Replace Ciphersuite::hash_to_F

The prior-present `Ciphersuite::hash_to_F` was a sin. Implementations took a
DST, yet were not require to securely handle it. It was also biased towards the
requirements of `modular-frost` as `ciphersuite` was originally written all
those years ago, when `modular-frost` had needs exceeding what `ff`, `group`
satisfied.

Now, the hash is bound to produce an output which can be converted to a scalar
with `ff::FromUniformBytes`. A new `hash_to_F`, which accepts a single argument
of the value to hash (removing the potential to insecurely handle the DST by
removing the DST entirely).
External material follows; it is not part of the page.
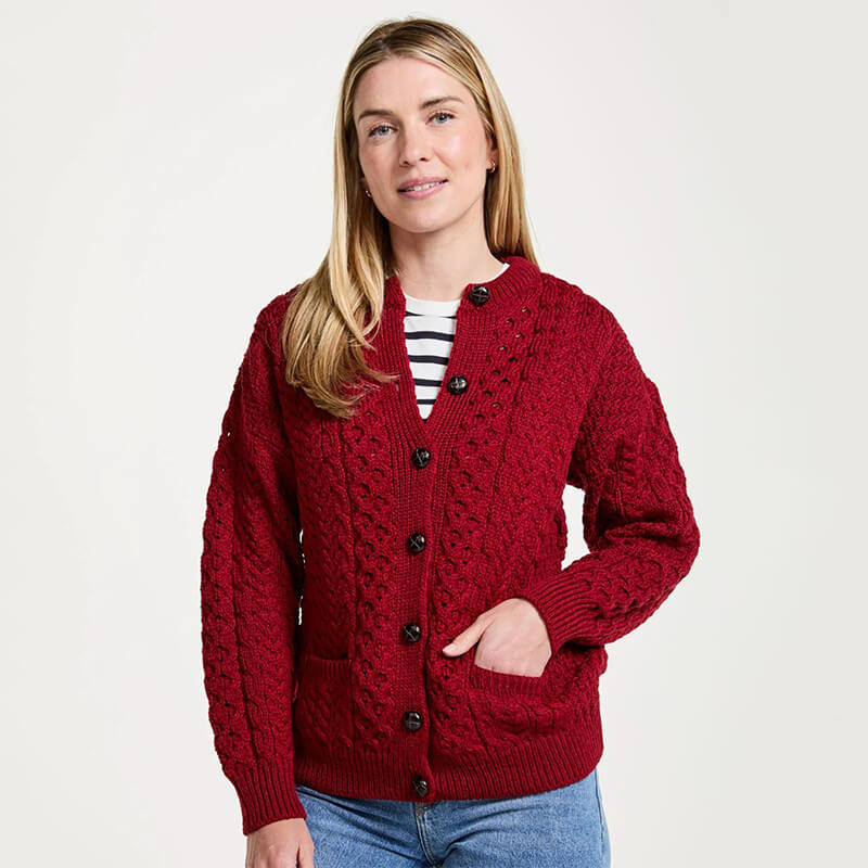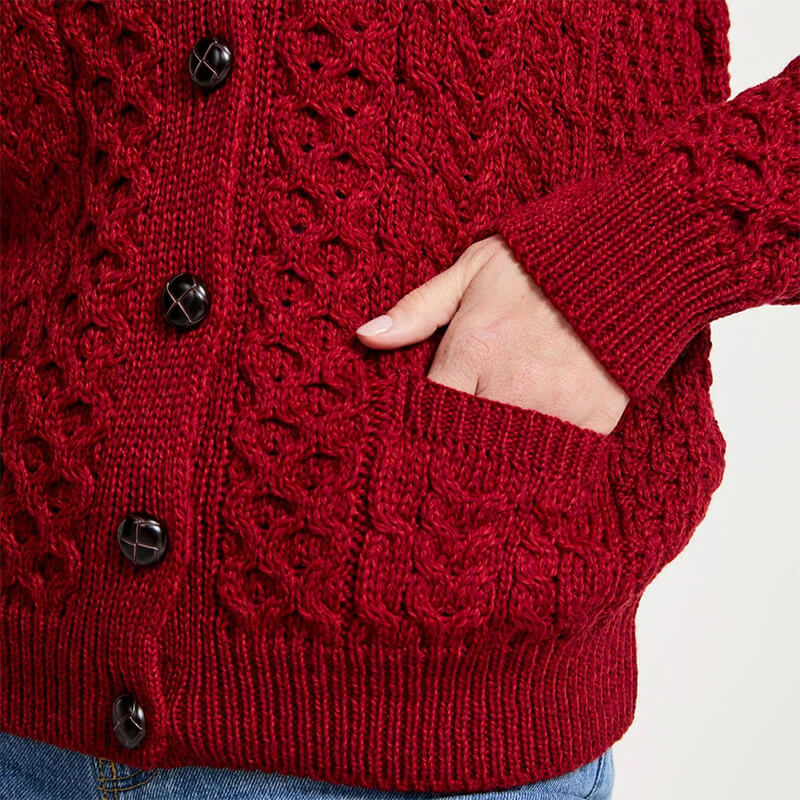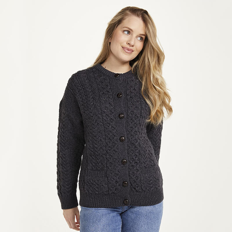 The Beautiful Women’s Irish Cardigan comes with elegance, uniqueness and a cute feminine look. This cardigan is one of the most popular and favorite women Irish sweaters, especially during winter and fall. The popularity can be attributed to its simplicity as it encompasses a typical style intertwined with a mixture of the traditional Aran patchwork. The cardigan is so comfortable, fit for any occasion, and will keep you warm throughout the cold season. It is one of the bestselling Irish cardigans, and its popularity is the world over. Aran stitching Aran patchwork and intricate patterns are identified as one of the oldest knit-work in garments history.

Due to `digest` yielding a `GenericArray`, yet
`FromUniformBytes` taking a `const usize`, the `ciphersuite` crate now defines
a `FromUniformBytes` trait taking an array (then implemented for all satisfiers
of `ff::FromUniformBytes`). In order to get the array type from the
`GenericArray`, the output of the hash, `digest` is updated to the `0.11`
release candidate which moves to `flexible-array` which solves that problem.

The existing, specific `hash_to_F` functions have been moved to `modular-frost`
as necessary.

`flexible-array` itself is patched to a fork due to
https://github.com/RustCrypto/hybrid-array/issues/131.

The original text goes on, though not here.